The CFTC alleged over seven days in November 2007 and December 2007, while working for Goldman Sach, Mr Taylor concealed the size, risk and losses associated with positions he took in the S&P 500 e-mini futures contract. When confronted by trading disparities, authorities say, Mr Taylor initially misled Goldman personnel.

Mr Taylor was released on bond and is set to be sentenced on July 26.

“The unfortunate events of late 2007 were an aberration,” said Tom Rotko, Mr Taylor’s attorney. “He looks forward to the opportunity to put this behind him and resume what has otherwise been a productive and exemplary life.”

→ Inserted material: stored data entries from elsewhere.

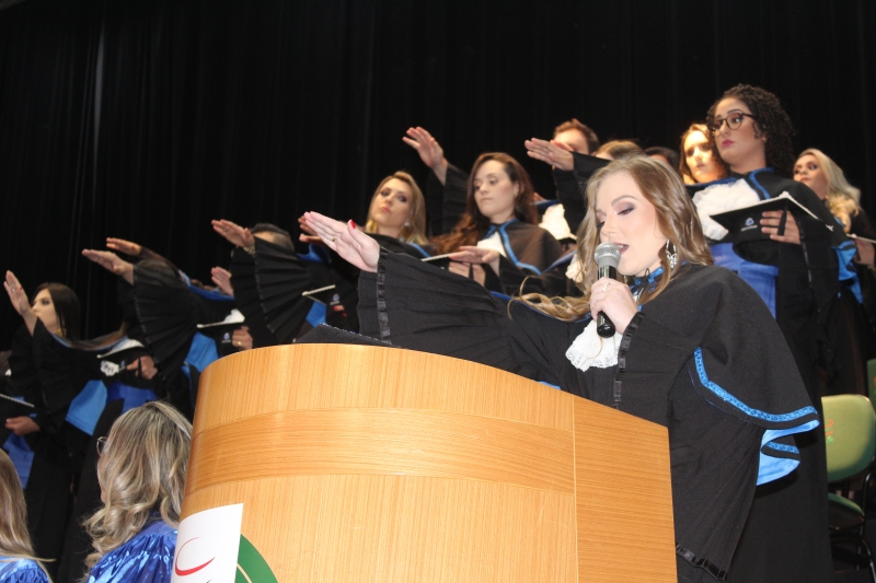 A formanda, Fernanda Cartieri Dalsasso, do curso de Design de Interiores, procedeu ao juramento. Já no curso de Estética e Cosmética, a formanda, Silvia Souza Rocha, confirmou o juramento com os colegas.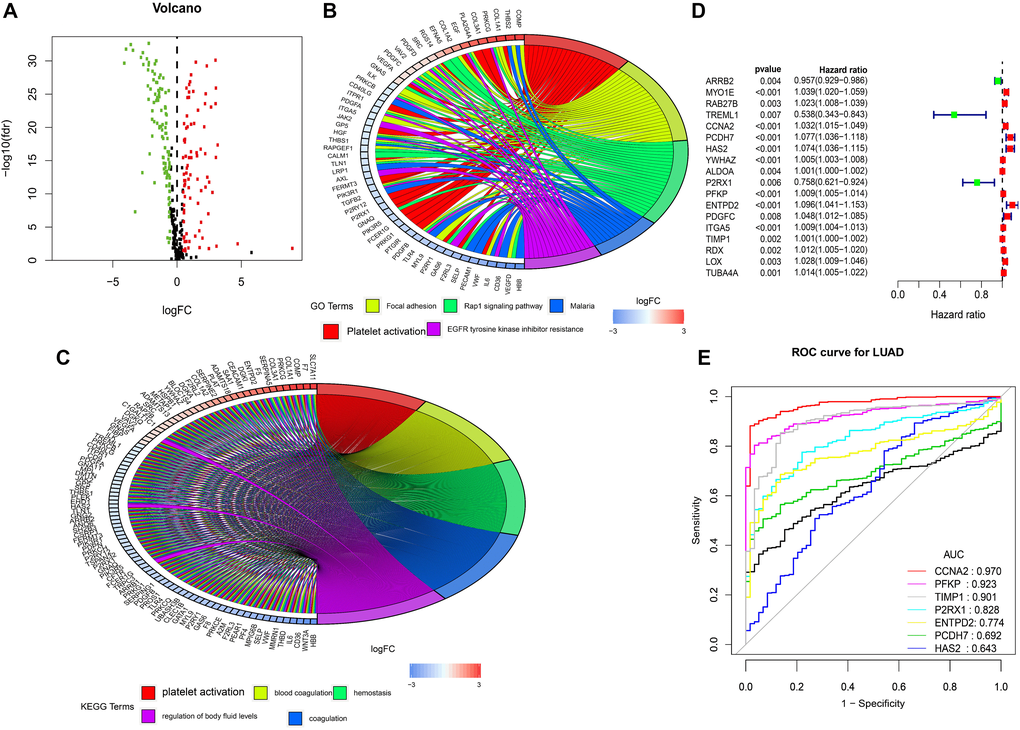 In recent years, the incidence of adenocarcinoma has proliferated, and adenocarcinoma has replaced squamous cell carcinoma as the most prevalent type of NSCLC [4]. LUAD progresses rapidly with a high degree of malignancy. Patients who show clinical symptoms and signs are often at an advanced stage, causing an onerous burden on both themselves and society. Studies [5, 6] have shown that platelets play a non-negligible role in tumor metastasis, and there is a correlation between platelet count and cancer prognosis. Platelets are known to be involved in pathophysiological processes such as inflammation, vascular hemostasis, thrombosis and atherosclerosis [7]. There is also considerable evidence that platelets aggregate and activate malignant tumors [8]. They are also associated with distant tumor metastasis. Antiplatelet drugs (such as heparin) inhibit tumor metastasis, suggesting that inhibiting platelet activation may become a target for tumor treatment.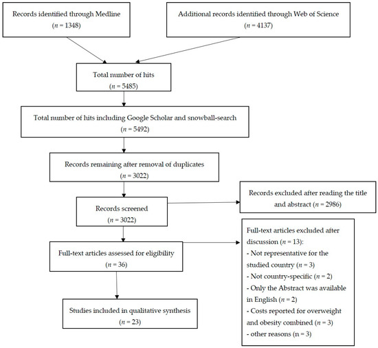 There have been a number of literature reviews on COO [,,,,,,,,,,,] including studies from before 2011. Since 2011, however, advanced methods such as microsimulation modelling [,,] have been used and have led to new findings, requiring further, systematic exploration. Furthermore, some reviews have included studies that were specific to a single country or continent, e.g., the USA [,], Canada [] or Europe [,,], and have excluded studies from all over the world. Some reviews have included studies that accounted for direct costs [,,], while others have included only indirect costs []. Direct costs include all direct medical and non-medical costs for diagnosis, treatment and transportation []. Indirect costs are the productivity loss cost due to morbidity and early mortality []. Moreover, some studies include costs for both overweight and obesity and do not separately differentiate the cost burden [,].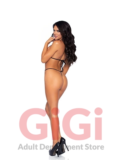 2 Pc. Rhinestone Net Bikini Top and G-String - One Size - Black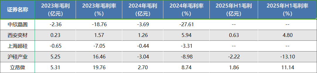 在毛利率上,中欣晶圆2023年与2024年分别为-18.76%与-27.61%,与西安奕材、立昂微等企业亦存在一定差距。反映出中欣晶圆的市场定价能力与盈利能力的不足。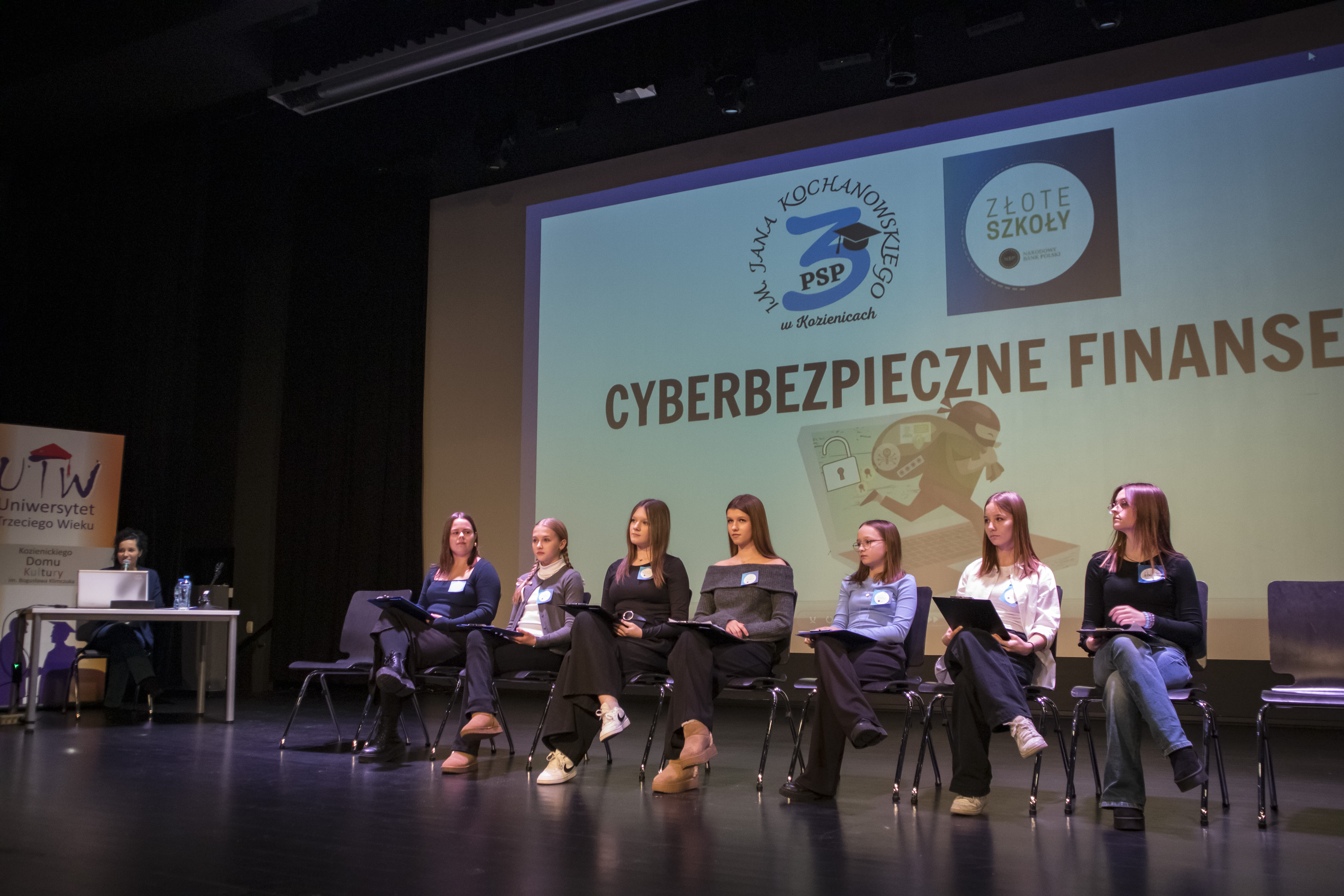 Seniorzy – studenci Uniwersytetu Trzeciego Wieku w Kozienicach, przed wystąpieniem Pana Generała, mieli niepowtarzalną okazję dowiedzieć się od kilkuosobowej grupy uczennic z Publicznej Szkoły Podstawowej nr 3 z Oddziałami Integracyjnymi im. Jana Kochanowskiego w Kozienicach, jak skutecznie chronić swoje finanse. Młodzi prelegenci doradzali, aby tworzyć silne hasła i nie stosować tych samych do wielu serwisów, nie udostępniać swoich danych osobowych w Internecie, a także nie zapisywać kodu PIN na karcie bankowej i nie podawać danych dotyczących kont bankowych osobom postronnym.

At the time of the alleged trading, Mr Taylor entered false trades in an internal bank system that bypassed the Chicago Mercantile Exchange, where the contract is traded, according to the CFTC.

As Mr Taylor increased the size of his position in the e-mini futures contracts on December 13, 2007 that ultimately reached $8.3bn, the CFTC alleges, he “periodically adjusted the size and price of his manual fabricated trades” to ensure his position remained hidden

In one instance, the CFTC said, Mr Taylor placed a real trade of 34,604 e-mini futures contracts that day. He then manually entered a fabricated sale of 33,000 contracts. The false sale had the effect of appearing to reduce Mr Taylor’s e-mini positions from 37,104 contracts to 4,104 contracts, according to the CFTC.

Goldman said its internal controls identified the allegedly fabricated trades the following day and subsequently dismissed Mr Taylor. Goldman said the alleged scheme had no impact on customer funds. When Goldman unwound the trades the firm’s overall loss from the alleged scheme totalled $118m.

Authorities allege when questioned about the trades by Goldman personnel, Mr Taylor mislead them stating the $8.3bn position was a “booking issue”.

Goldman agreed to pay $1.5m to the CFTC last year for failing “certain aspects of risk management.”

Goldman disclosed in regulatory filings that Mr Taylor was dismissed for building an “inappropriately large” proprietary trading position. The CFTC cited Goldman for failing to inform the National Futures Association and CFTC that Mr Taylor attempted to conceal that position with false trades until the CFTC opened its investigation.

Three months after Goldman dismissed Mr Taylor he was hired by Morgan Stanley, according to regulatory filings.

Mr Taylor left Morgan Stanley last July. A person familiar with the matter said it was unrelated to his trading at Goldman. The CFTC sued Mr Taylor in November seeking a $130,000 penalty.